Kickfire is the only custom-chip-based vendor of note. Netezza’s FPGAs and PowerPC processors aren’t, technically, custom. But they’re definitely unusual. Oracle and DATAllegro (pre-Microsoft) like Infiniband. Other vendors like 10-gigabit Ethernet. Others just use lots and lots of 1-gigabit switches. Teradata, long proprietary, is now going in a couple of different networking directions.
This slide is included at this point mainly for the golly-gee-whiz factor.
Columnar isn’t columnar isn’t columnar; each product is different. The same goes for row-based. Still, this categorization is the point from which to start.
Oracle and SQL Server are single product meant to serve both OLTP and analytics. Any of the main versions of DB2 is something like that too. Sybase, however, separated it’s OLTP and analytic product lines in the mid-1990s.
Even when you can make this stuff work at all, it’s hard. That’s a big reason why “disruptive” new analytic DBMS vendors have sprung up.
The advantage of hash distribution is that if your join happens to involve the hash key, a lot of the work is already done for you. The disadvantage can be a bit of skew. The advantage usually wins out. Almost every vendor (Kognitio is an exception) encourages hash distribution. Oracle Exadata is an exception too, for different reasons.
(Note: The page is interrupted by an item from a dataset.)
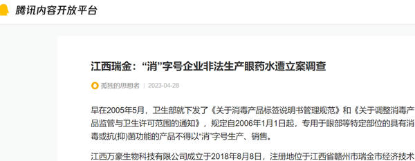 北京某律师认为,江西省瑞金市消毒产品企业利用“消”字号进行生产、销售护眼、养眼药水,说明书明显注明疗效,且未经卫生安全评价并备案,随意使用商标,又利用市场监管红线,注册多家生产和销售公司进行“身份”转换,躲避市场监管,规避追责风险。当地监管部门为了营商环境,一般惯例是采取低档位行政处罚。对于低档位处罚,涉事企业对违法成本几乎可以忽略不计。
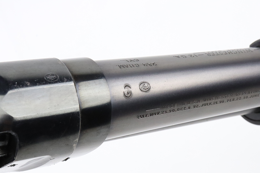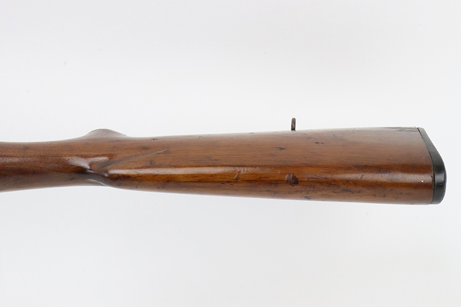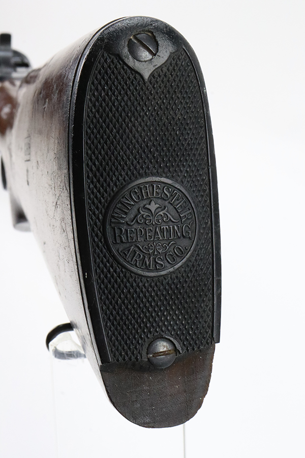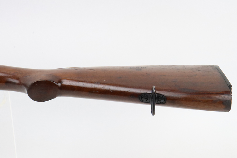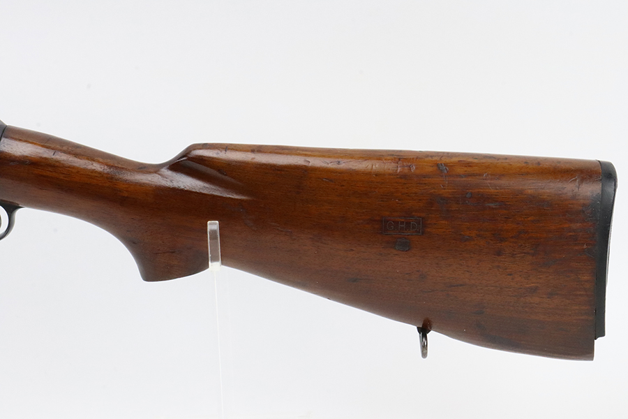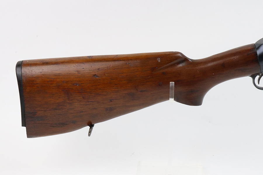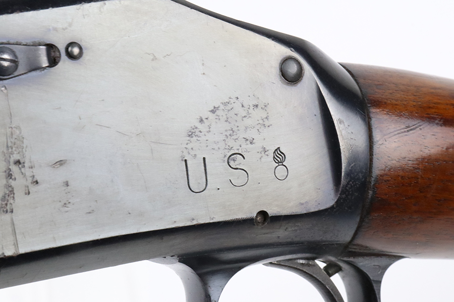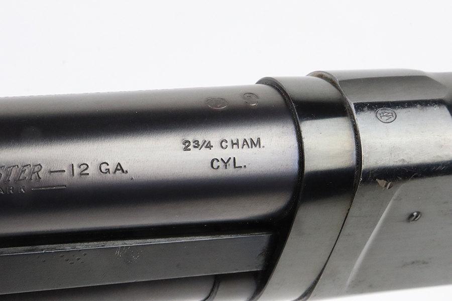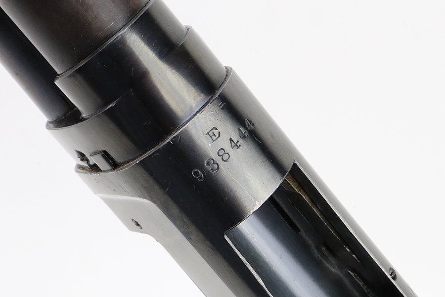 2/6/24 – This is a very rare, original Winchester Model 97 Trench shotgun from 1943. Barrel marked ’44’ on the underside. The wood is in good shape with no cracks, but does have several dings and small chips. Proper G.H.D. inspector marking with crossed cannons cartouche on stock. Receiver is marked U.S. and has flaming bomb. The action works perfectly. Nice, original bluing throughout. There are various scratches on the receiver, and a minor patch of freckling. Other correct characteristics for a model 97 include the bayo lug sitting back from the muzzle, 20in barrel with ‘cyl’ marking, two sets of holes on mag tube, receiver is martially marked, proper serial range, stock inletted for sling swivel. Correct 4-row heat shield that is riveted to bayo adaptor. Unmarked action bar has some dings on it. Original buttplate is badly chipped at the bottom.

Fixed configurations – including but not limited to appliances – are more important in row-based MPP than in columnar MPP systems. Oracle Exadata, Teradata, and Netezza are the most visible examples, but another one is IBM’s BCUs.
Sybase IQ is the granddaddy, but it’s not MPP. SAND is another old one, but it’s focused more on archiving now. Vertica is a quite successful recent start-up, with >10X the known customers of ParAccel (published or NDA). InfoBright and Kickfire are MySQL storage engines. Kickfire is also an appliance. Exasol is very memory-centric. So is ParAccel’s TPC-H submission. So is SAP Bi Accelerator, but unlike the others it’s not really a DBMS. MonetDB is open source.
The big benefit of columnar is at the I/O bottleneck – you don’t have to bring back the whole row. But it also tends to make compression easier. Naïve columnar implementations are terrible at update/load. Any serious commercial product has done engineering work to get around that. For example, Vertica – which is probably the most open about its approach -- pretty much federates queries between disk and what almost amounts to a separate in-memory DBMS.
I.e., OLTP system and data warehouse integrated Separate EDW (Enterprise Data Warehouse) Customer-facing data mart that hence requires OLTP-like uptime 100+ terabytes or so Great speed on terabyte-scale data sets at low per-terabyte TCO (counting user data).
Here starts the how-to.
Databases grow naturally, as more transactions are added over time. Cheaper data warehousing also encourages the retention of more detail, and the addition of new data sources. All three factors boost database size. Users can be either humans or other systems. (Both, in fact, are included in the definition of “user” on the Oracle price list.) Cheap data warehousing also leads to a desire for lower latency, often without clear consideration of the benefits of same.
Nobody ever overestimates their need for storage. But people do sometimes overestimate their need for data immediacy.